Wednesday, January 2, 2013

Adam, Eve and Iowa


Under Iowa civil rights law, discrimination against any applicant for employment or any employee because of age, race, creed, color, sex or sexual orientation is illegal. Recently, Iowa’s Supreme Court ruled 7-0 that Iowa law allows an employer to fire an employee because the employer has an “irresistible attraction,” even if the employee has not engaged in flirtatious behavior or otherwise done anything wrong. 

The all-male court opined that a dentist acted legally when he fired an assistant simply because the boss and his wife viewed the woman as a threat to their marriage.
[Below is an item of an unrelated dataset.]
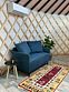 Колоритный дом (юрта) для семейного отдыха с видом на лес и озеро. Цвет интерьера – изумруд. Юрта состоит из одной комнаты-гостиной. В гостиной имеется двухуровневое спальное место: одна полноформатная двуспальная кровать, вторая двуспальная кровать расположена на втором уровне (дополнительное место). Размещение: 2-е взрослых + 2-е детей.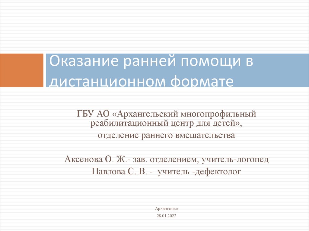 Аксенова О.Ж., Павлова С.В_ ГБУ АО АМРЦ_Доступная ранняя помощь. Включение семей в дистанционный формат работы

The court acknowledged that such a firing might be unfair, but it was not unlawful discrimination because, according to the written opinion, it was based on “emotion” and “feeling” rather than on gender. 

Logic this tortured is possible because, like Idaho, the Iowa court has no female voices to read the proposed ruling and respond with a simple, “Huh?”

Would the logic of differentiating between emotion and discrimination have made sense to the justices if this case involved a male employee told that he was being fired because his gay employer or the boss’s gay boyfriend found him too attractive? It is much more likely they would have realized this case is all about gender.

Blaming women because men find them tempting has been a rallying cry since Adam erred in the Garden of Eden. However, in Iowa at least, it’s still all Eve’s fault.